Here's a question. How to get rid of root element and render persons just like this:

<?xml version="1.0"?>
<Person>
  <FirstName>John</FirstName>
  <LastName>Smith</LastName>
</Person>
<Person>
  <FirstName>Mark</FirstName>
  <LastName>Jones</LastName>
</Person>
<Person>
  <FirstName>Alex</FirstName>
  <LastName>Hackman</LastName>
</Person>

Thanks!

2
  • 3
    You want an invalid XML! Where is the root node?

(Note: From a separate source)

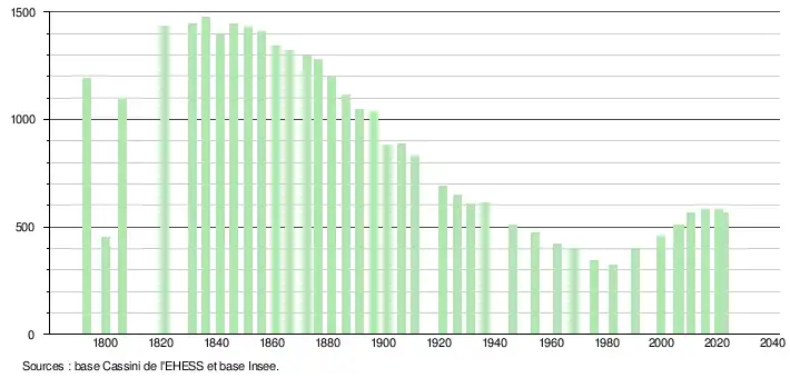 L'évolution du nombre d'habitants est connue à travers les recensements de la population effectués dans la commune depuis 1793. Pour les communes de moins de 10 000 habitants, une enquête de recensement portant sur toute la population est réalisée tous les cinq ans, les populations de référence des années intermédiaires étant quant à elles estimées par interpolation ou extrapolation[22]. Pour la commune, le premier recensement exhaustif entrant dans le cadre du nouveau dispositif a été réalisé en 2005[23].

Commented May 4, 2011 at 14:37
  • Agreed: that is not a well-formed XML document Commented May 4, 2011 at 14:39

2 Answers 2

6

That's a malformed XML you want, not possible to obtain it via XmlSerializer, but you can change ArrayOfPersno element name to smothing else:

example:

XmlSerializer xs = new XmlSerializer(typeof(Person[]),
                                     new XmlRootAttribute("Persons"));

will give you:

<?xml version="1.0"?>
<Persons xmlns:xsi="http://www.w3.org/2001/XMLSchema-instance"
         xmlns:xsd="http://www.w3.org/2001/XMLSchema">
  <Person>
    <FirstName>John</FirstName>
    <LastName>Smith</LastName>
  </Person>
  ...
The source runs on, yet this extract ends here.